Assignment
Exclude images; transcribe the rest of the data exactly.

Exercise data
- - - - -
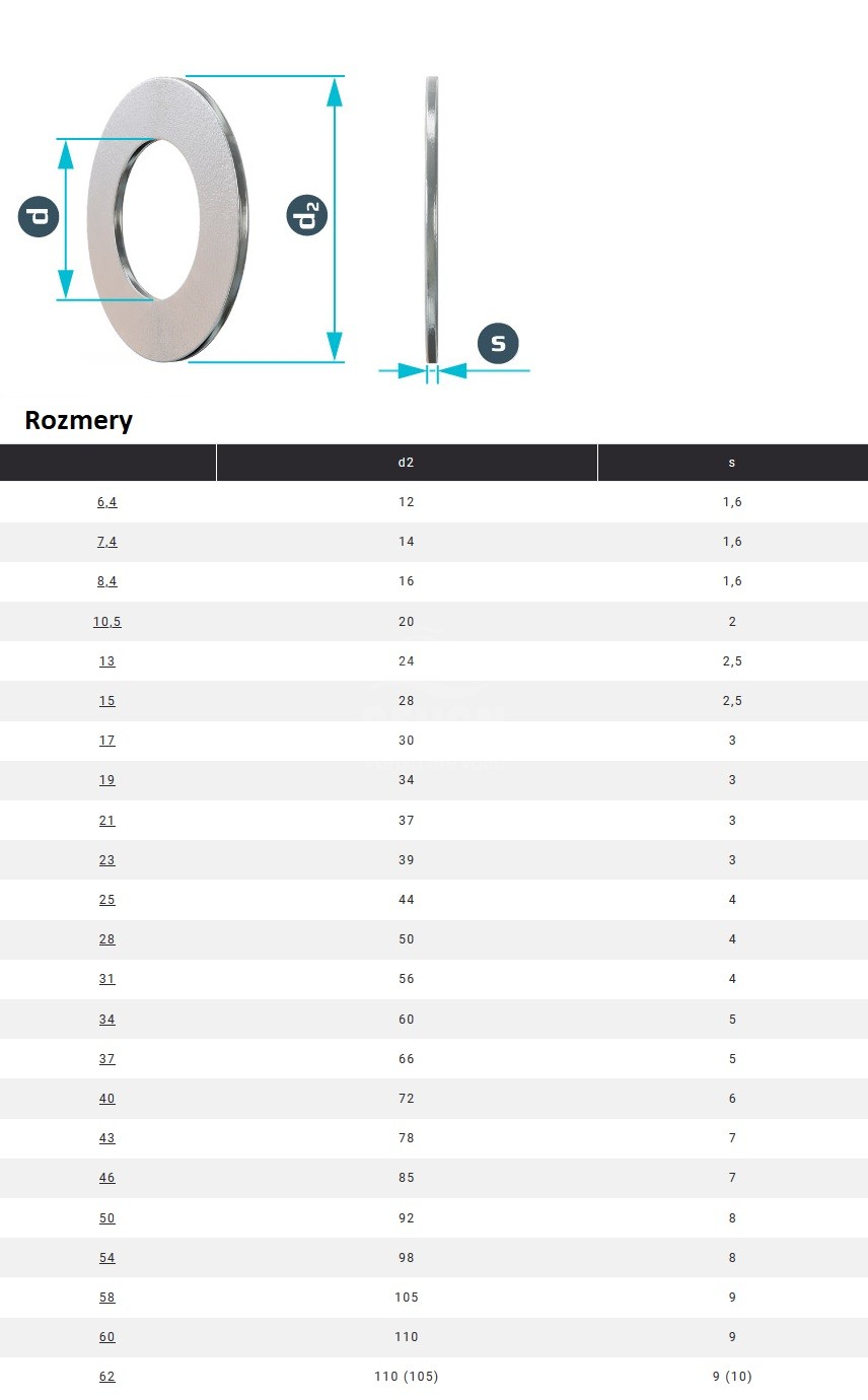 Podložka plochá pre skrutku so šesťhrannou hlavou - DIN 125 A
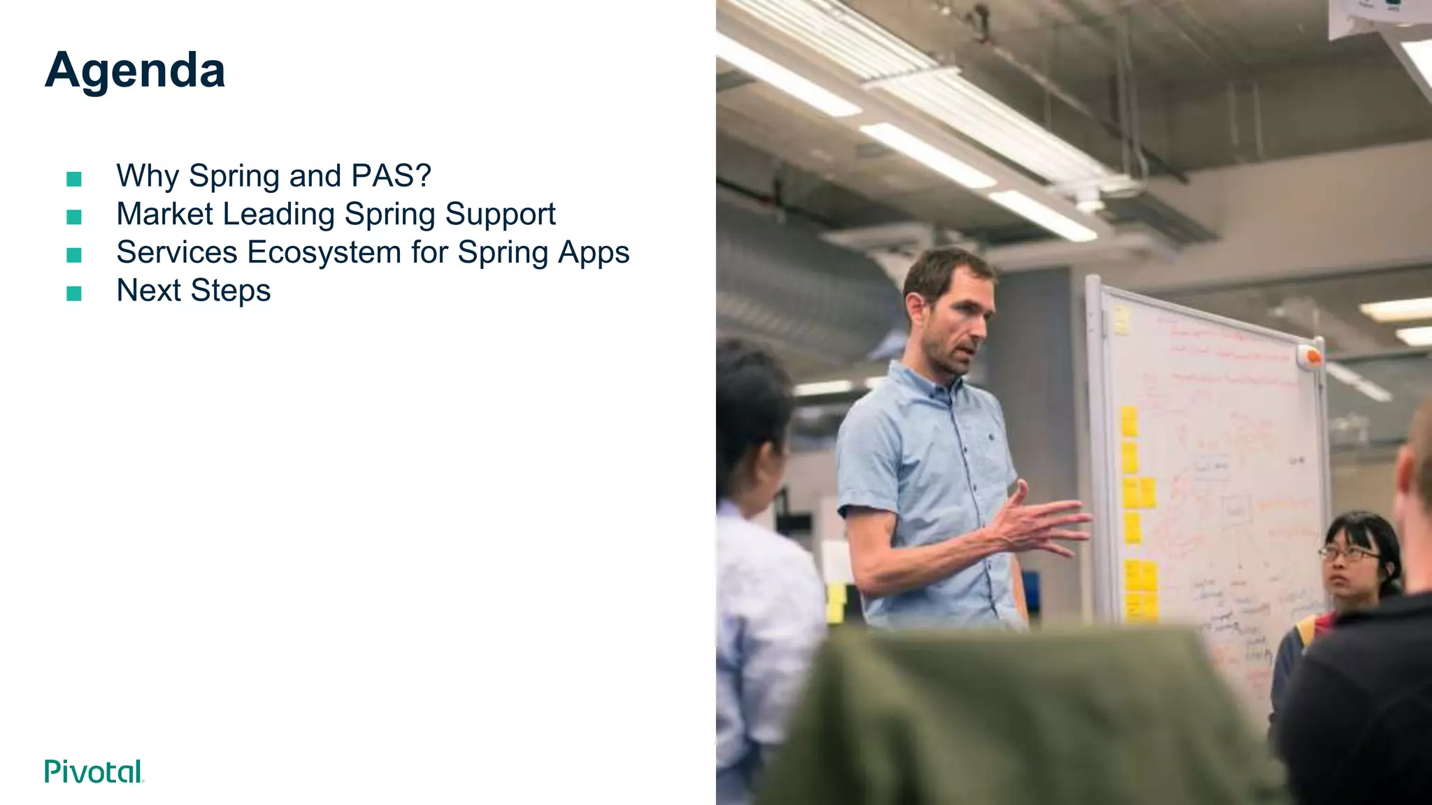 The document provides an overview of Pivotal's Spring and Pivotal Application Service (PAS), emphasizing market-leading support and a robust ecosystem for developing cloud-native applications. It includes insights into developer time allocation for coding and operations, various services offered for Spring apps, and the advantages of using Spring frameworks for building microservices. The document also highlights next steps for engagement and exploration of Pivotal's offerings.
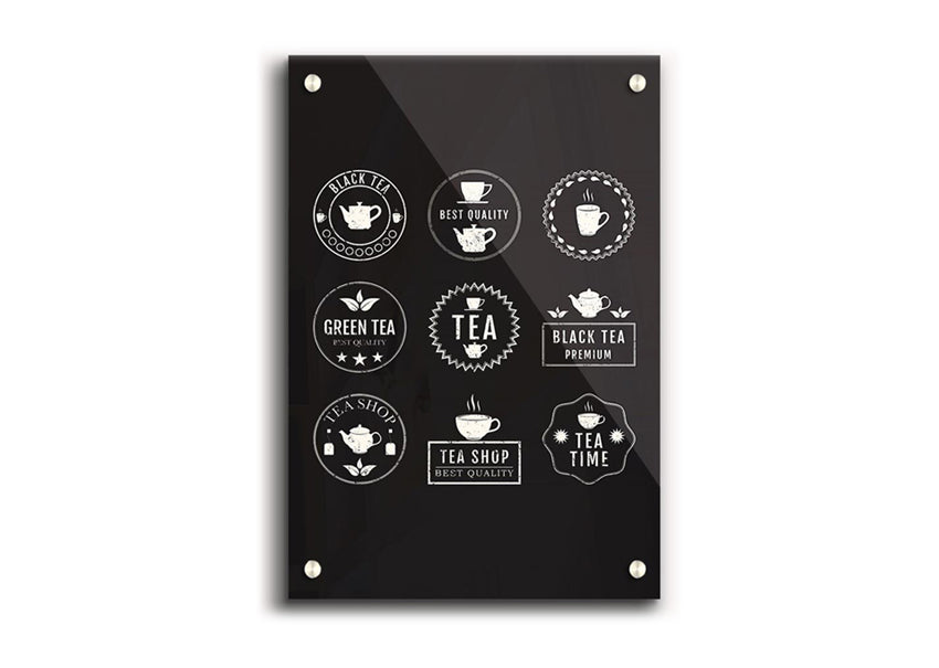 Selection Of Teas Acrylic Print , UV printed on 5mm thick acrylic. Hang it straight from the box with the provide standoffs.
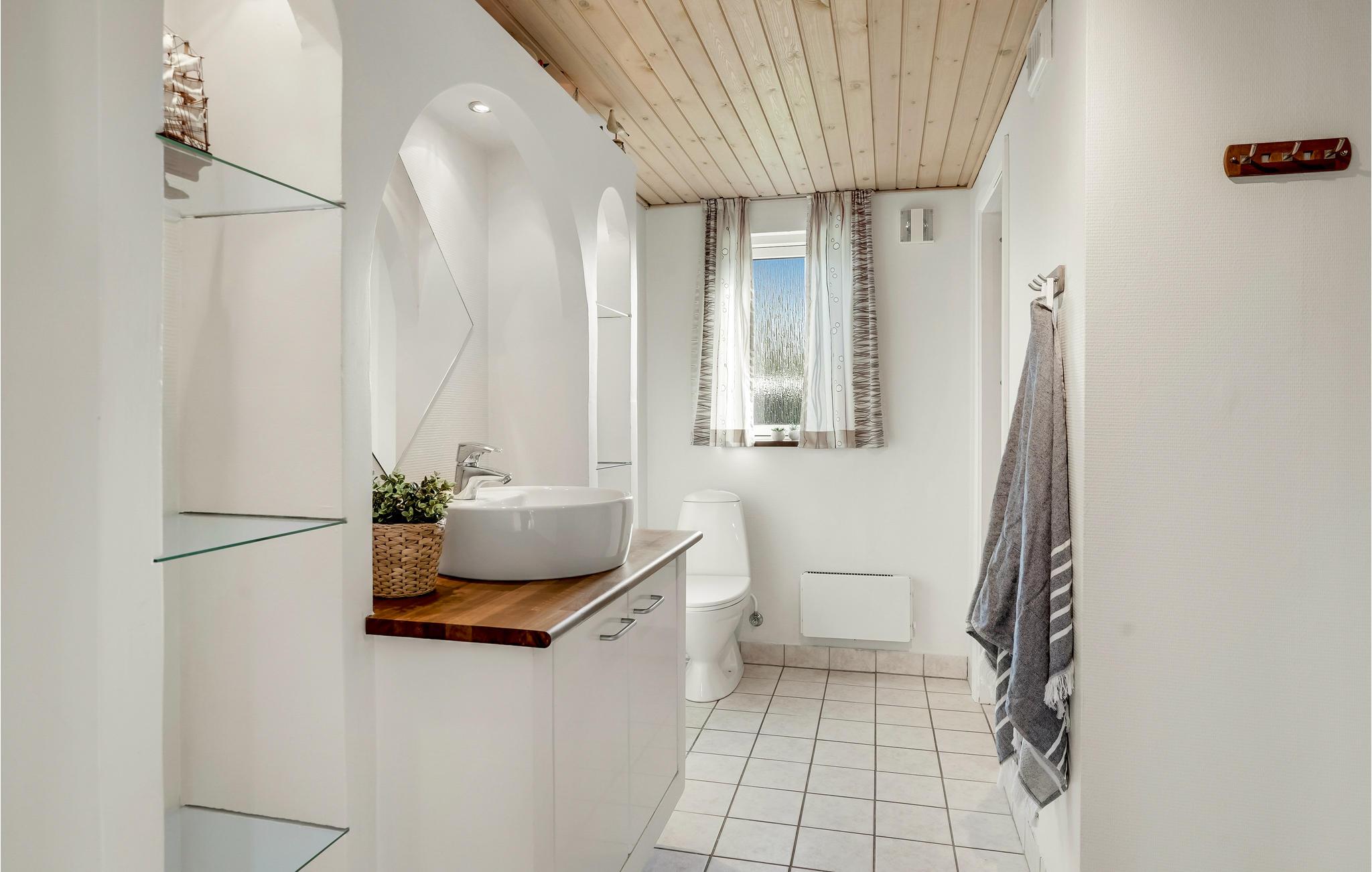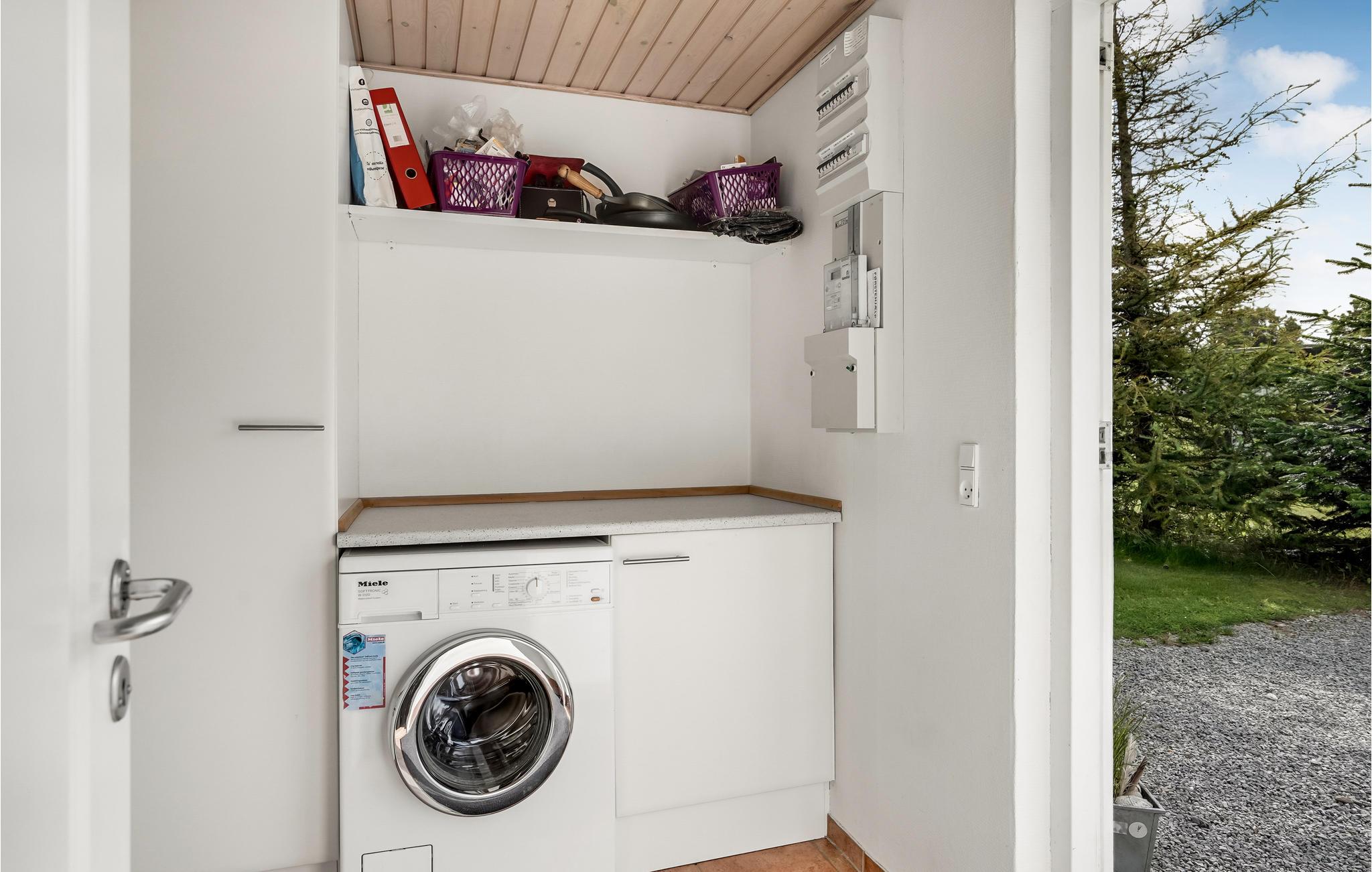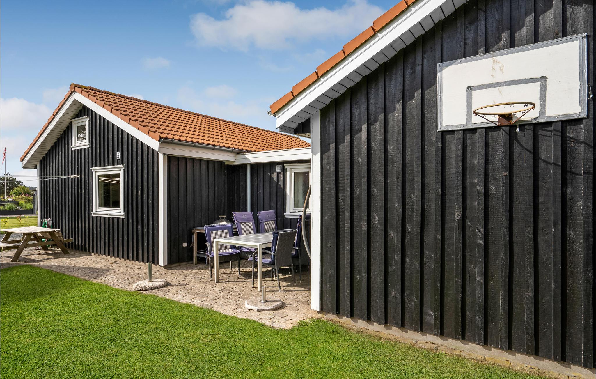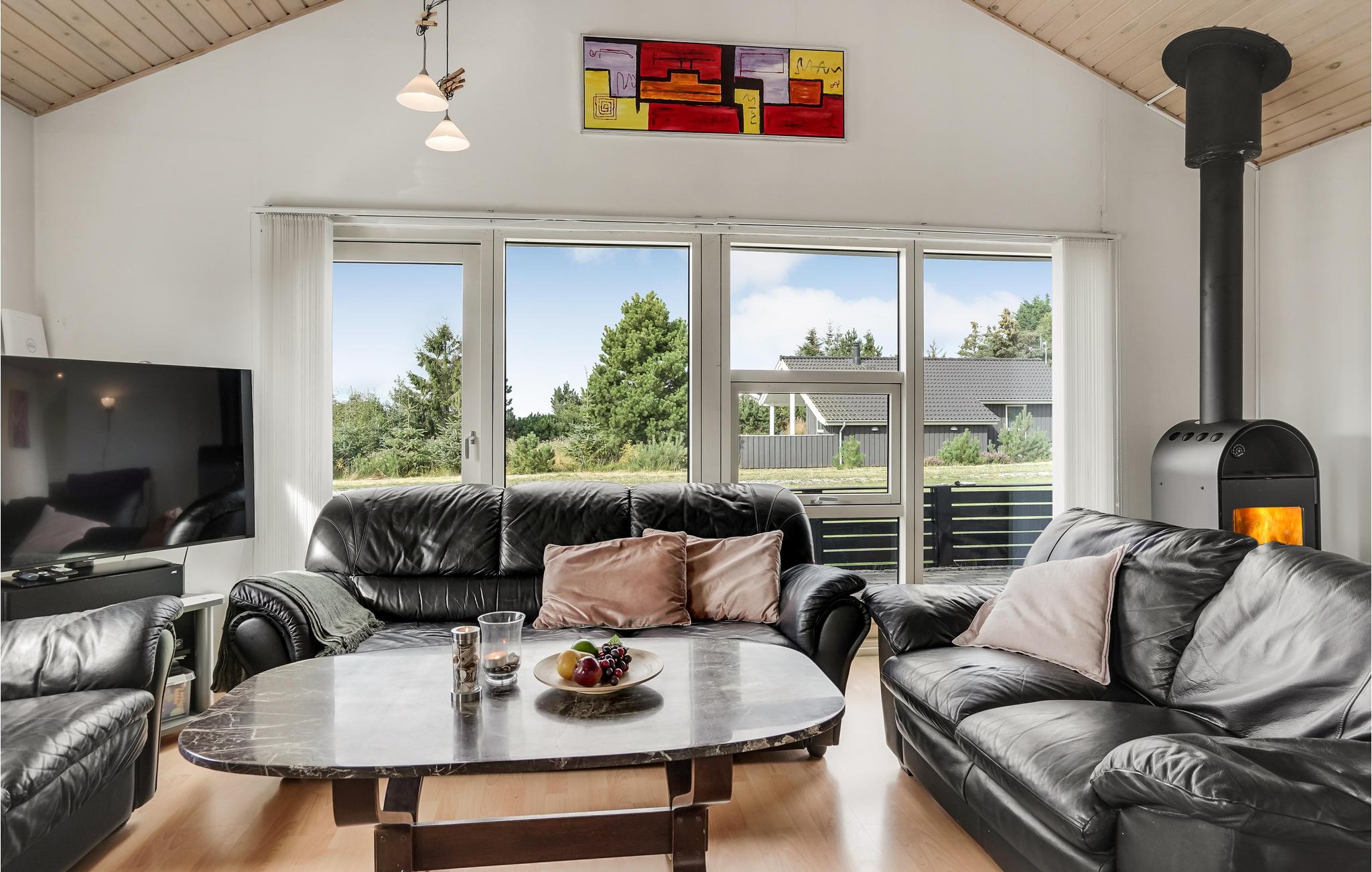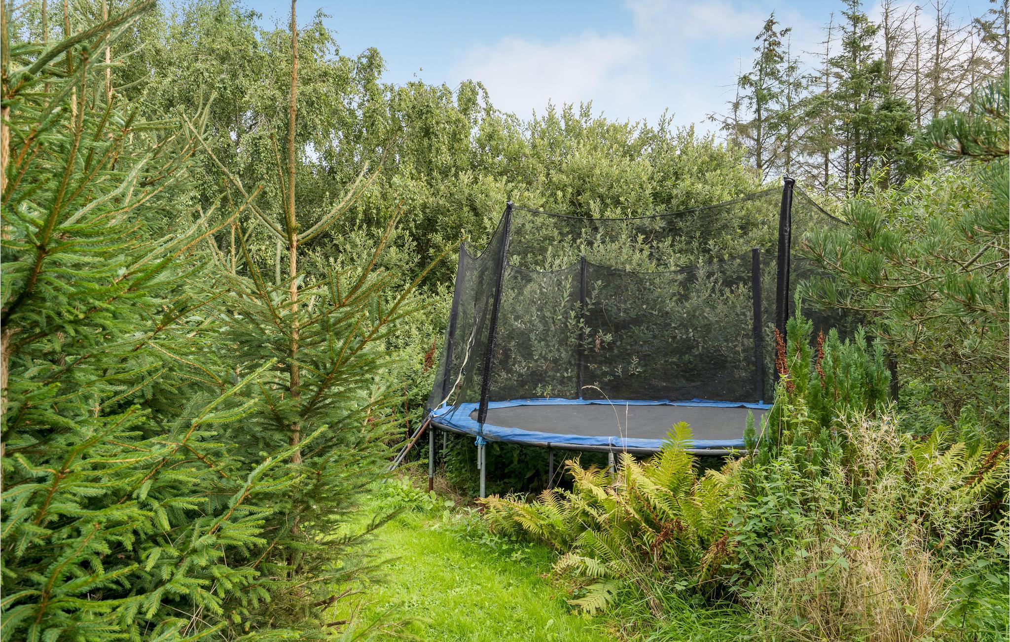 Oplev en afslappende ferie i Trend sammen med hele familien. Det smukke feriehus er komfortabelt udstyret og indbyder til hyggeligt samvær i den store stue. Lav mad sammen i det rummelige køkken, hvor alle kan give en hånd med, så I kan lave lækre måltider mens I hygger jer sammen. Børnene vil helt sikkert blive tiltrukket af haven, for her finder I et legeparadis for de yngste. En skibslegeplads med sandkasse, gynger og trampolin sørger for masser af sjov. I kan samles ved bålpladsen om aftenen og grille snobrød eller skumfiduser. Mens børnene leger i haven, kan de voksne slappe af og få gang i kredsløbet i den private sauna.
- - - - -
Response to this task
 Podložka plochá pre skrutku so šesťhrannou hlavou - DIN 125 A
 The document provides an overview of Pivotal's Spring and Pivotal Application Service (PAS), emphasizing market-leading support and a robust ecosystem for developing cloud-native applications. It includes insights into developer time allocation for coding and operations, various services offered for Spring apps, and the advantages of using Spring frameworks for building microservices. The document also highlights next steps for engagement and exploration of Pivotal's offerings.
 Selection Of Teas Acrylic Print , UV printed on 5mm thick acrylic. Hang it straight from the box with the provide standoffs.
 Oplev en afslappende ferie i Trend sammen med hele familien. Det smukke feriehus er komfortabelt udstyret og indbyder til hyggeligt samvær i den store stue. Lav mad sammen i det rummelige køkken, hvor alle kan give en hånd med, så I kan lave lækre måltider mens I hygger jer sammen. Børnene vil helt sikkert blive tiltrukket af haven, for her finder I et legeparadis for de yngste. En skibslegeplads med sandkasse, gynger og trampolin sørger for masser af sjov. I kan samles ved bålpladsen om aftenen og grille snobrød eller skumfiduser. Mens børnene leger i haven, kan de voksne slappe af og få gang i kredsløbet i den private sauna.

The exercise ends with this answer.